Task goal:
Output the listing exactly, without its pictures.

Dataset entries:

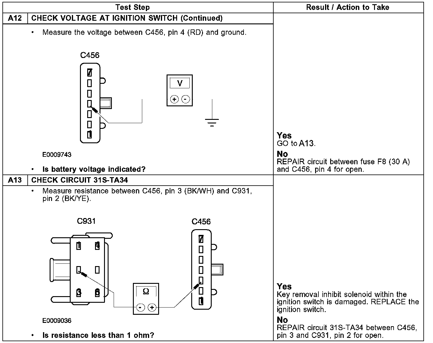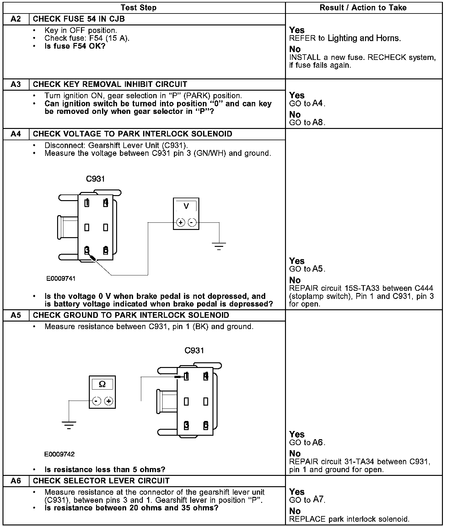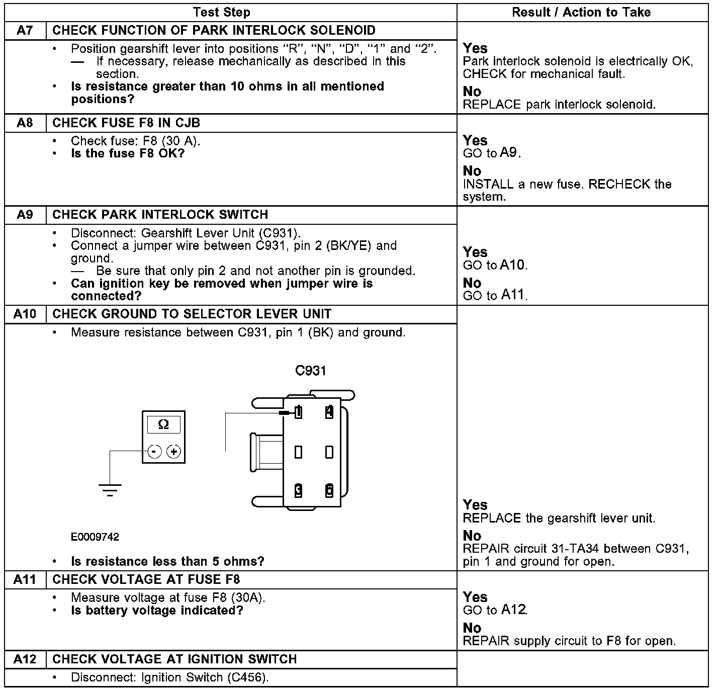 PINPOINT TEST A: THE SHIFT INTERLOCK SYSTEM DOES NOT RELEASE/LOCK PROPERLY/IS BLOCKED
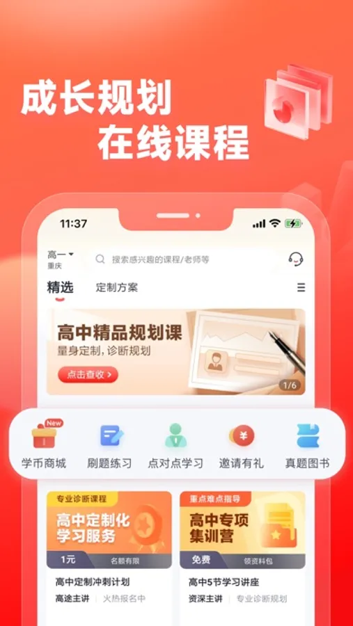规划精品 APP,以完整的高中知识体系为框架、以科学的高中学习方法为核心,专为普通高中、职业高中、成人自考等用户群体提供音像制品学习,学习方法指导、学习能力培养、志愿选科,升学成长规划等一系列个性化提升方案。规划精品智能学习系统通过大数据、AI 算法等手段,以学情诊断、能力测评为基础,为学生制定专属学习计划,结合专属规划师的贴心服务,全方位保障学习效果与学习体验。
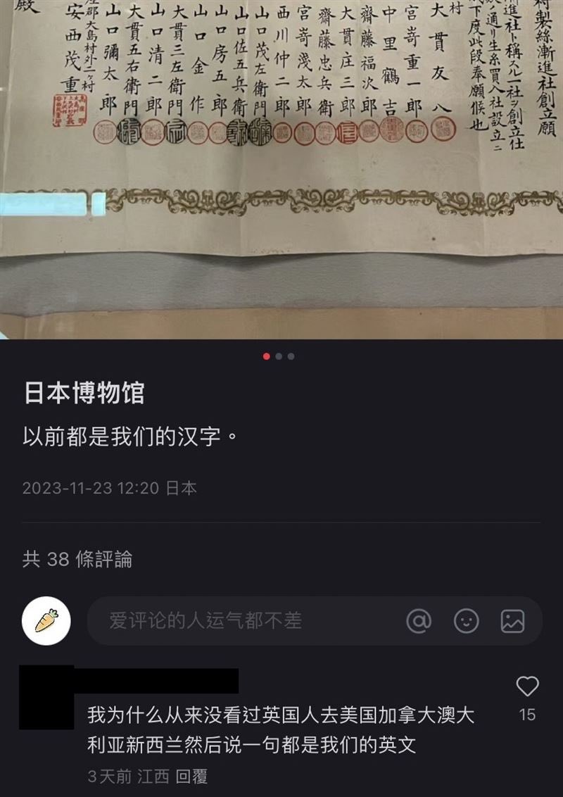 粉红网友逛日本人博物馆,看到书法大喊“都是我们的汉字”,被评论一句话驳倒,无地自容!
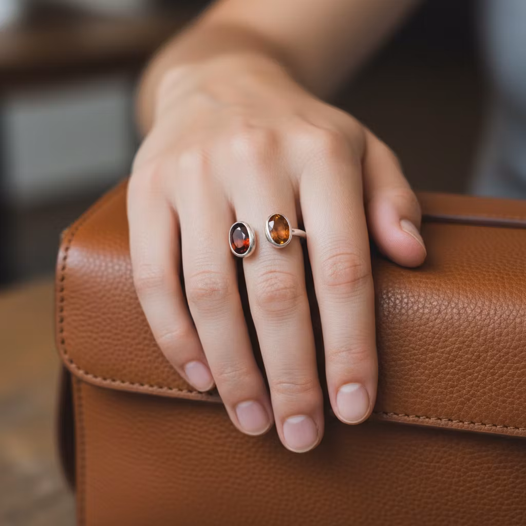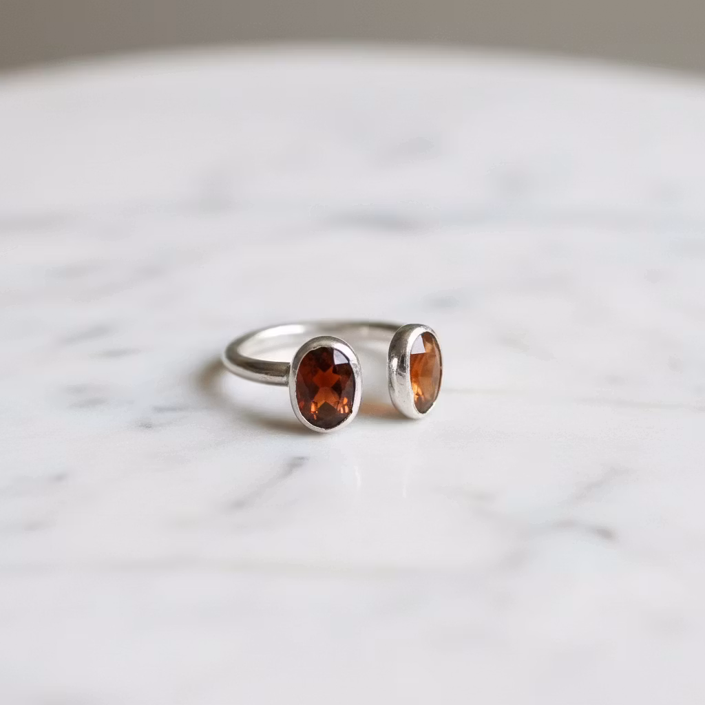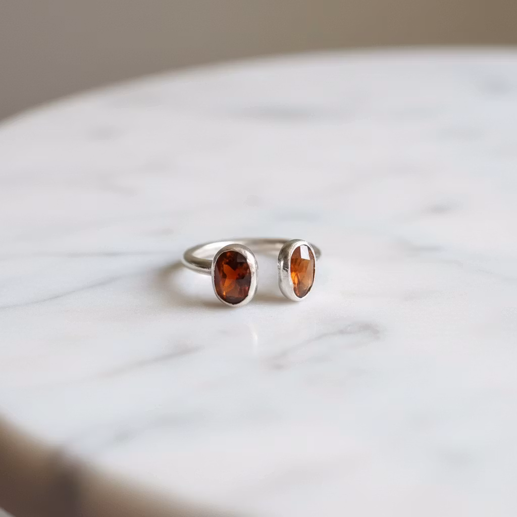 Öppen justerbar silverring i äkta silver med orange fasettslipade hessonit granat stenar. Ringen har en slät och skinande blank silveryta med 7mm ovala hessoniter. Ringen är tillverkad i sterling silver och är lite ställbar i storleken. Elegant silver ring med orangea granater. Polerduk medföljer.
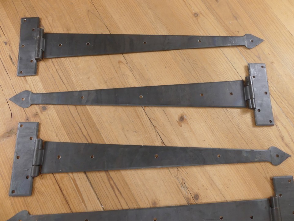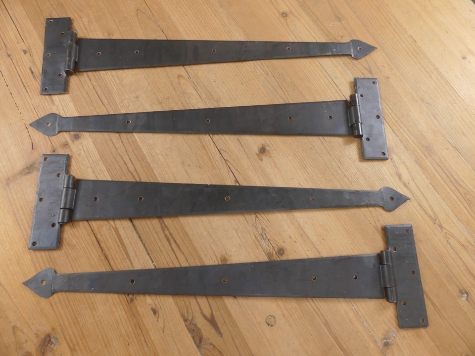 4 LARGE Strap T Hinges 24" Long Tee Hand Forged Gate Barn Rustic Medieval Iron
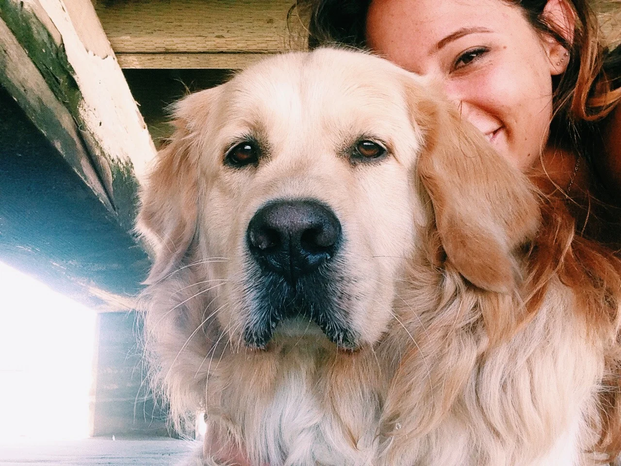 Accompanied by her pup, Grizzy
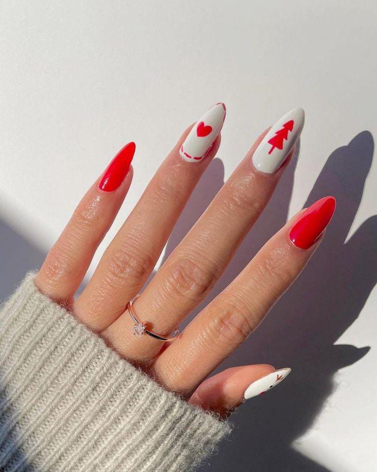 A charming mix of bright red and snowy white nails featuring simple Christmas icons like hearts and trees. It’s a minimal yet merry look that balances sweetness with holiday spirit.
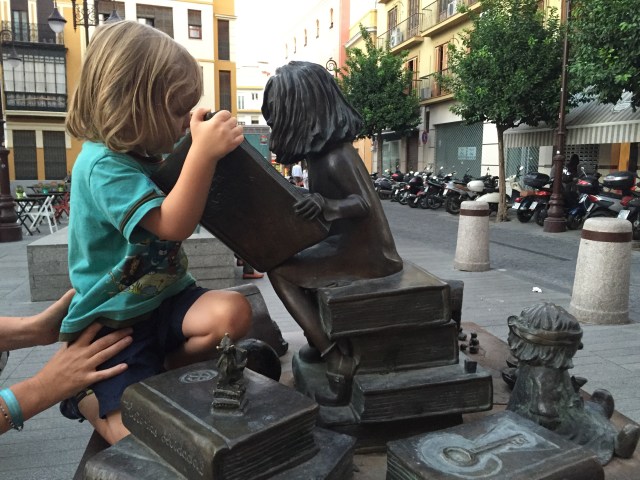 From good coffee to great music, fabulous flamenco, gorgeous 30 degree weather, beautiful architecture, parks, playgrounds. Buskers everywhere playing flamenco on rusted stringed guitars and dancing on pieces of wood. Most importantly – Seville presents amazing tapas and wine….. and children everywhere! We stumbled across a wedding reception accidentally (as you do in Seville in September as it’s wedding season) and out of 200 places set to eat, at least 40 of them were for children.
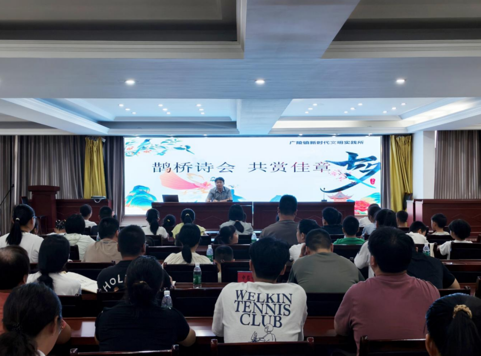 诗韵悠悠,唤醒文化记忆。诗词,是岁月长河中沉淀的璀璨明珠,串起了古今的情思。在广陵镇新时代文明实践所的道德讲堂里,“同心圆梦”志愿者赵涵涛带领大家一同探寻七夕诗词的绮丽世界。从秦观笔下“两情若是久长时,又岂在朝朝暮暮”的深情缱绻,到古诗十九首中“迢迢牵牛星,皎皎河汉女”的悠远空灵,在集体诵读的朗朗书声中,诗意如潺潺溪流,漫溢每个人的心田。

Output below:
 PINPOINT TEST A: THE SHIFT INTERLOCK SYSTEM DOES NOT RELEASE/LOCK PROPERLY/IS BLOCKED
规划精品 APP,以完整的高中知识体系为框架、以科学的高中学习方法为核心,专为普通高中、职业高中、成人自考等用户群体提供音像制品学习,学习方法指导、学习能力培养、志愿选科,升学成长规划等一系列个性化提升方案。规划精品智能学习系统通过大数据、AI 算法等手段,以学情诊断、能力测评为基础,为学生制定专属学习计划,结合专属规划师的贴心服务,全方位保障学习效果与学习体验。
 粉红网友逛日本人博物馆,看到书法大喊“都是我们的汉字”,被评论一句话驳倒,无地自容!
 Öppen justerbar silverring i äkta silver med orange fasettslipade hessonit granat stenar. Ringen har en slät och skinande blank silveryta med 7mm ovala hessoniter. Ringen är tillverkad i sterling silver och är lite ställbar i storleken. Elegant silver ring med orangea granater. Polerduk medföljer.
 4 LARGE Strap T Hinges 24" Long Tee Hand Forged Gate Barn Rustic Medieval Iron
 Accompanied by her pup, Grizzy
 A charming mix of bright red and snowy white nails featuring simple Christmas icons like hearts and trees. It’s a minimal yet merry look that balances sweetness with holiday spirit.
 From good coffee to great music, fabulous flamenco, gorgeous 30 degree weather, beautiful architecture, parks, playgrounds. Buskers everywhere playing flamenco on rusted stringed guitars and dancing on pieces of wood. Most importantly – Seville presents amazing tapas and wine….. and children everywhere! We stumbled across a wedding reception accidentally (as you do in Seville in September as it’s wedding season) and out of 200 places set to eat, at least 40 of them were for children.
 诗韵悠悠,唤醒文化记忆。诗词,是岁月长河中沉淀的璀璨明珠,串起了古今的情思。在广陵镇新时代文明实践所的道德讲堂里,“同心圆梦”志愿者赵涵涛带领大家一同探寻七夕诗词的绮丽世界。从秦观笔下“两情若是久长时,又岂在朝朝暮暮”的深情缱绻,到古诗十九首中“迢迢牵牛星,皎皎河汉女”的悠远空灵,在集体诵读的朗朗书声中,诗意如潺潺溪流,漫溢每个人的心田。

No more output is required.